Ama la pubblicità, ci sguazza dentro con divertimento e consapevolezza, ma ne denuncia gli eccessi.
«La pubblicità fa parte di me da sempre», racconta. «Il mio primo ricordo è lo spot del Cucciolone dell’87. Era un mondo diverso: la pubblicità informava, segnalava un’attività, presentava un prodotto. Oggi invece mi dispiace vedere cosa è diventata: da informativa si è trasformata in uno strumento violento, accattivante, che spesso svilisce il consumatore».
Per Zanchi, la trasformazione non riguarda solo i contenuti, ma la presenza stessa della pubblicità nelle nostre vite. Un tempo compariva tra un film e l’altro, oggi si espande in ogni spazio libero, invade, interrompe, obbliga.
«I pre rolls di YouTube sono estremamente violenti: devo attendere prima di poter vedere ciò che voglio. La pubblicità non si limita più a parlare, impone. Non mira solo a venderti qualcosa, ma a farti sentire inadeguato in modo da poterti offrire una soluzione». Il punto, precisa, non è la profilazione in sé. Anzi, per lei non va demonizzata: «Sono contenta se mi arriva un messaggio che davvero parla a me».

Ciò che considera pericoloso è la modalità con cui questi messaggi vengono comunicati, la loro costruzione retorica, la ripetizione martellante, l’usura emotiva. È qui che il linguaggio pubblicitario diventa un caregiver distorto: accudisce mentre manipola, accompagna mentre spinge, ascolta mentre guida verso bisogni che non esistono. Da qui la critica ai prodotti e ai mercati che creano esigenze fittizie.
Il caso Gillette, il business asiatico delle creme sbiancanti, i profumi venduti come seduzioni epiche o le auto raccontate come simboli di potere non sono, a suo avviso, pubblicità nel senso più nobile del termine. Non rispondono a un bisogno reale, ma costruiscono un’identità da acquistare, uno status da inseguire. «Per propinarti qualcosa ti faccio sentire incompleto. Non c’è alcuna necessità. Solo la promessa di essere accettato».

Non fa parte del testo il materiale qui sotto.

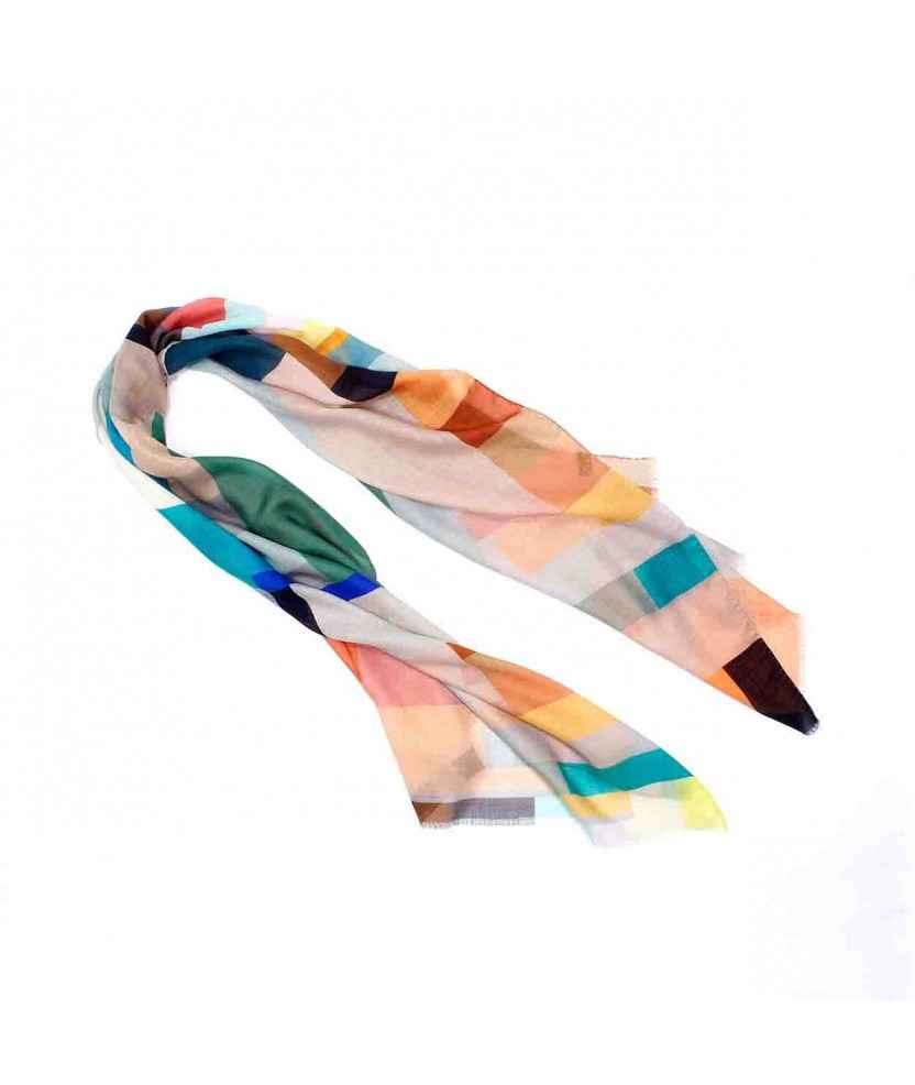 Pañuelo suave y muy agradable al tacto con la piel, con una caída hermosa. Pertenece a la colección Tons, impregnada por la abstracción geométrica inherente en la obra pictórica que Ona Boix lleva a cabo en paralelo al diseño textil, donde el color acaba siendo el protagonista indiscutible. Tejido de ligamento tafetán ligero elaborado con fibras finas de lana y seda. Disponible en ocho combinaciones de colores. Medidas: 68x165 cm.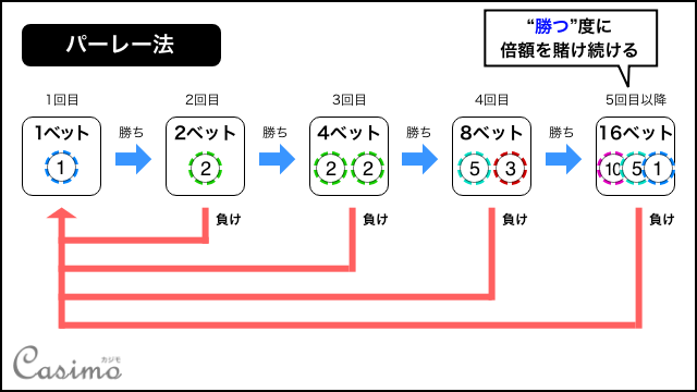 「マーチンゲール法」とは逆に、ゲームで勝った時に賭け金を倍に増やしていく方法が「パーレー法」です。要は、勝った金額をそのまま次のベットにつぎ込もうということです。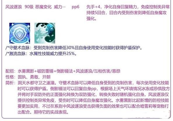 5、风波逐浪仅提供控制类异常免疫,受伤时可以降低自身魔攻强化。水雾黑影比起新增的防控技能要更加实用,不过在系别中风波逐浪受击获得负面的效果也可以配合暗雪莉等宠物打出配合。

Eppure, nonostante questo sguardo critico, Zanchi continua a definire la pubblicità un linguaggio affascinante, la capacità rara di condensare un messaggio in un’immagine. «È arte pura. Solo che l’uomo, tutto ciò che tocca, spesso lo usa per il male». Nella sua attività artistica questa ambivalenza diventa un motore creativo. I suoi collage nascono da frammenti di parole o immagini: vecchi giornali, riviste, enciclopedie mediche, numeri di Urania, fotografie dimenticate.
L’archivio è immenso e in continuo aggiornamento, sia fisico sia digitale. Scansiona, sovrappone, sfrutta persino la trasparenza della carta, lasciando che siano le immagini a incontrarsi e a generare un significato nuovo. Le sue opere parlano di emotività, di relazioni, di memoria. Non cercano di spiegarci qualcosa, ma di lasciarci sentire.
«Non è importante ciò che voglio dire io, conta quello che arriva a te».Nelle sue mostre appare una critica sottile all’immaginario pubblicitario, alla rappresentazione standardizzata dei corpi, alla mancanza di diversità che i vintage stessi – pur pieni di fascino – portano con sé. I corpi che ritrova nei vecchi materiali non sono neutri, ma sopra la media, uniformi.
Oggi queste riflessioni convergono nella mostra Unsaid alla Galleria Boragno di Busto, visitabile dal giovedì al sabato dalle 15.30 alle 19 e la domenica dalle 10 alle 13 e dalle 15.30 alle 19, fino a domenica 30 novembre.
Dalla scatola rosa alla critica artistica, dal rebranding agli errori di comunicazione, il viaggio di questi ultimi anni ci mostra una cosa con chiarezza: se la pubblicità non può prescindere dal mondo che la circonda, l’arte può ancora mostrarci come guardarlo senza esserne inghiottiti.